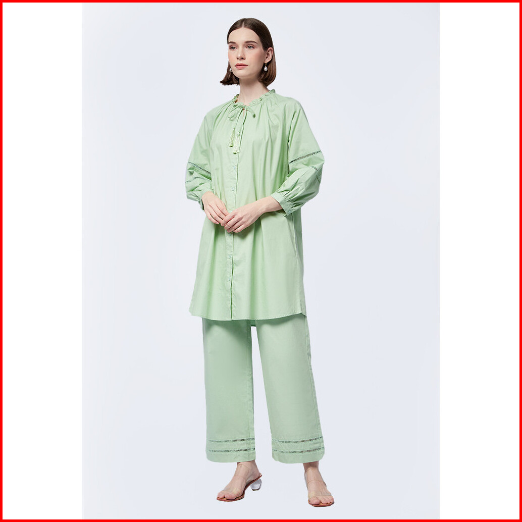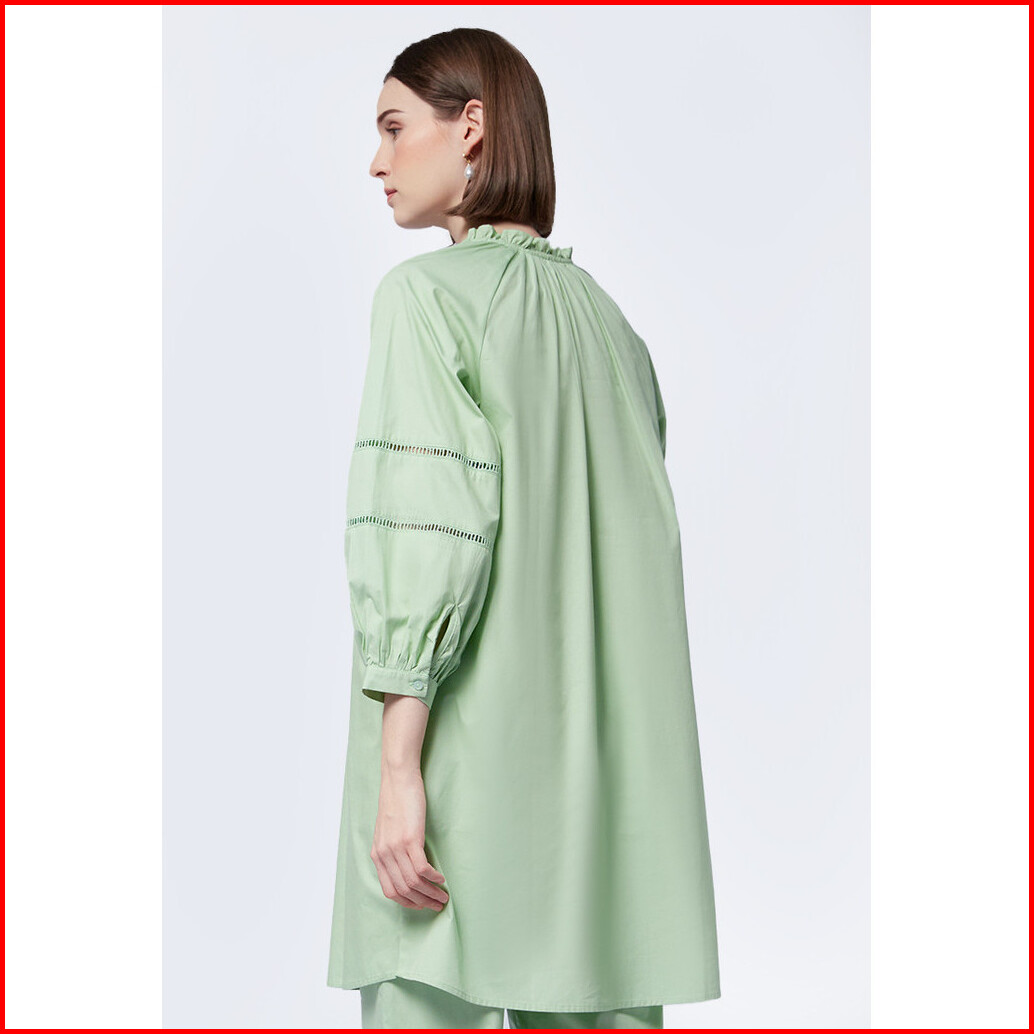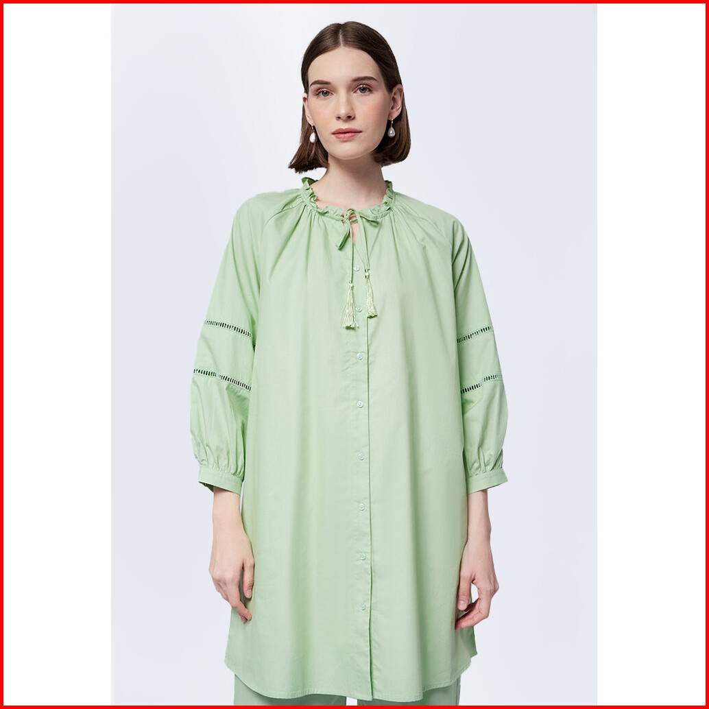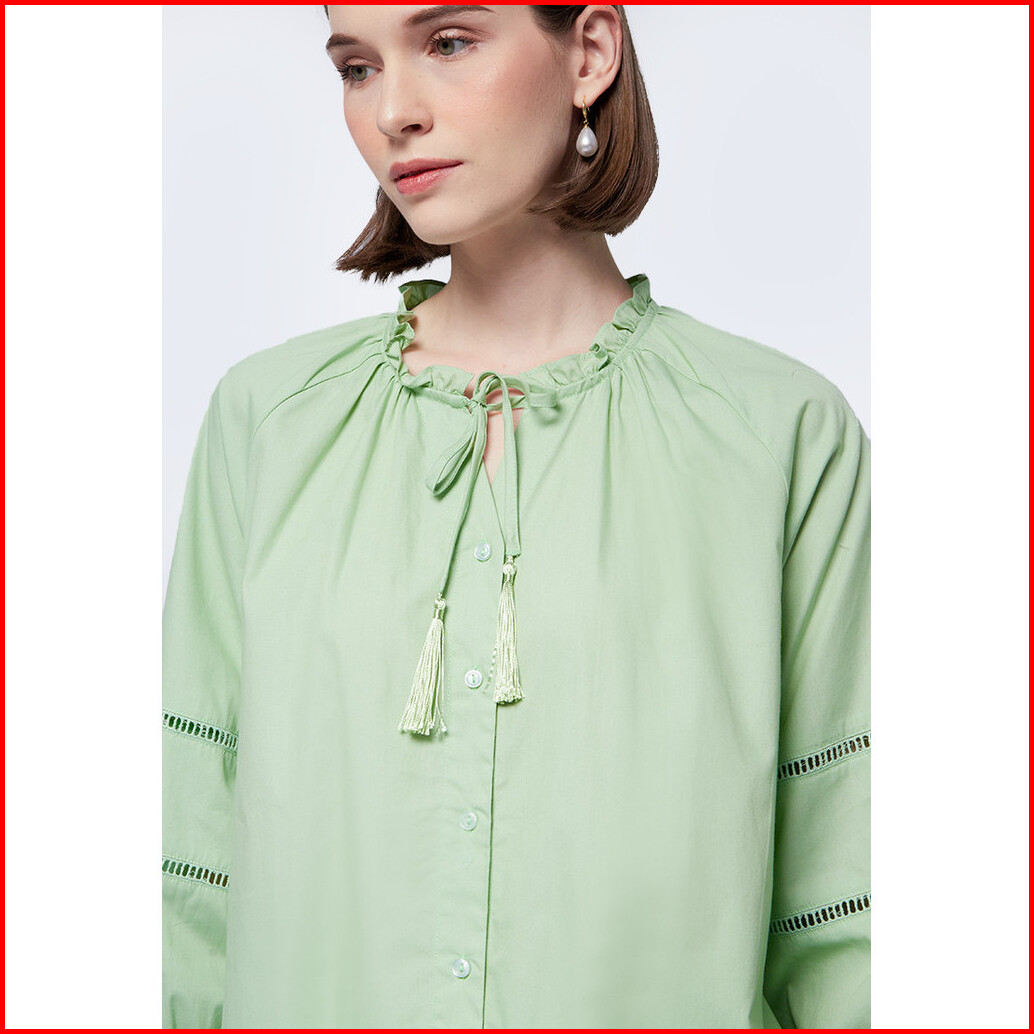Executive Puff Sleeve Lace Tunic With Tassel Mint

──────────────────────────────

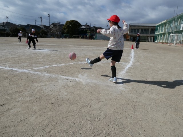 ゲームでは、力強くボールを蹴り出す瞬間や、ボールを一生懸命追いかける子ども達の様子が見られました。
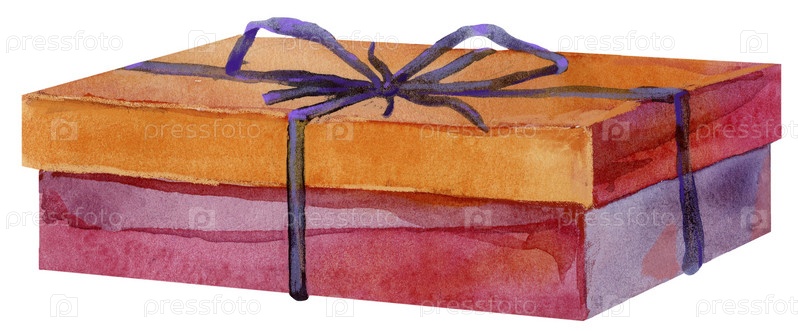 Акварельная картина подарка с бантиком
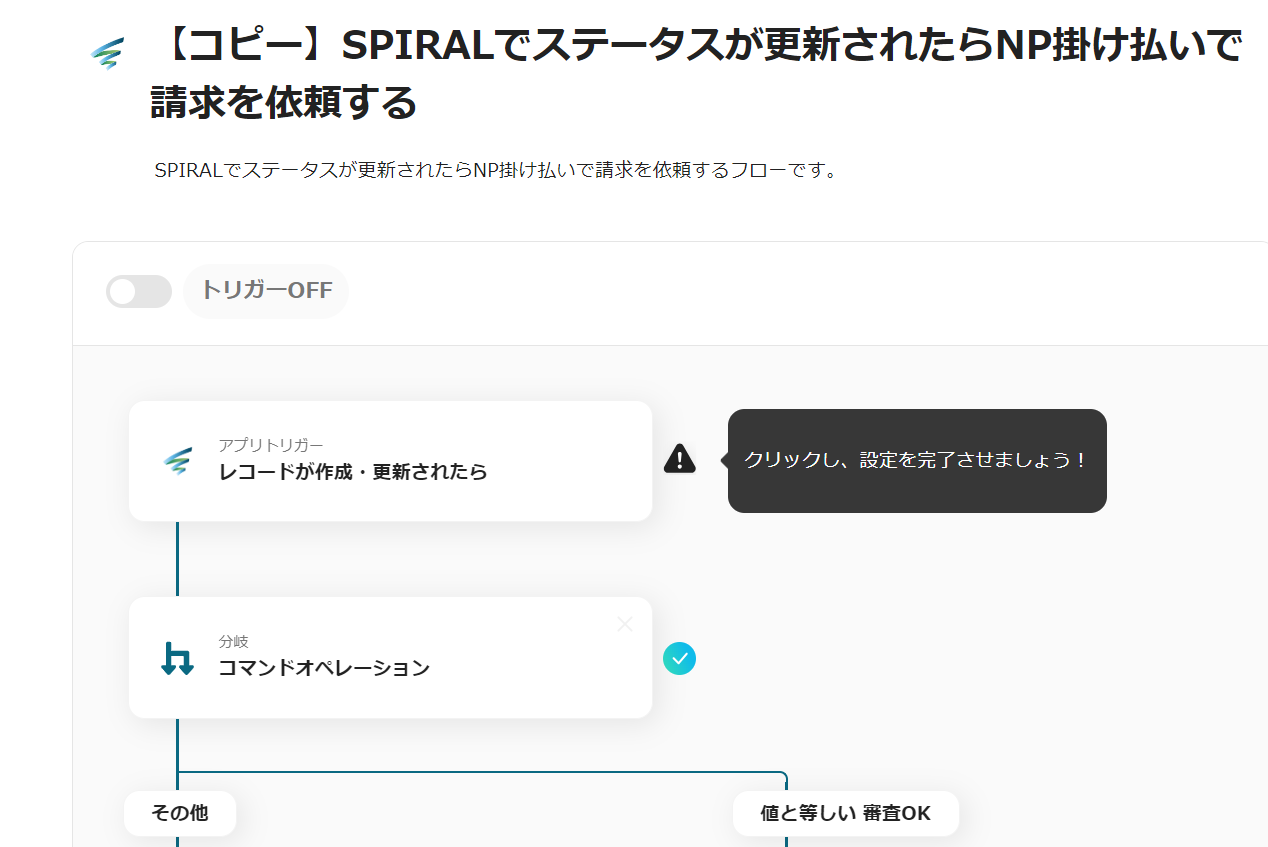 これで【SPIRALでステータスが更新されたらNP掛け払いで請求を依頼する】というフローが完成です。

──────────────────────────────

#### [THE PROBLEM]
Where a picture appears in the records above, omit it, and transcribe exactly the stretch of lines from the one with "ゲームでは、力強くボールを蹴" through the one with "これで【SPIRALでステー".

#### [FINISHED EXERCISE]
 ゲームでは、力強くボールを蹴り出す瞬間や、ボールを一生懸命追いかける子ども達の様子が見られました。
 Акварельная картина подарка с бантиком
 これで【SPIRALでステータスが更新されたらNP掛け払いで請求を依頼する】というフローが完成です。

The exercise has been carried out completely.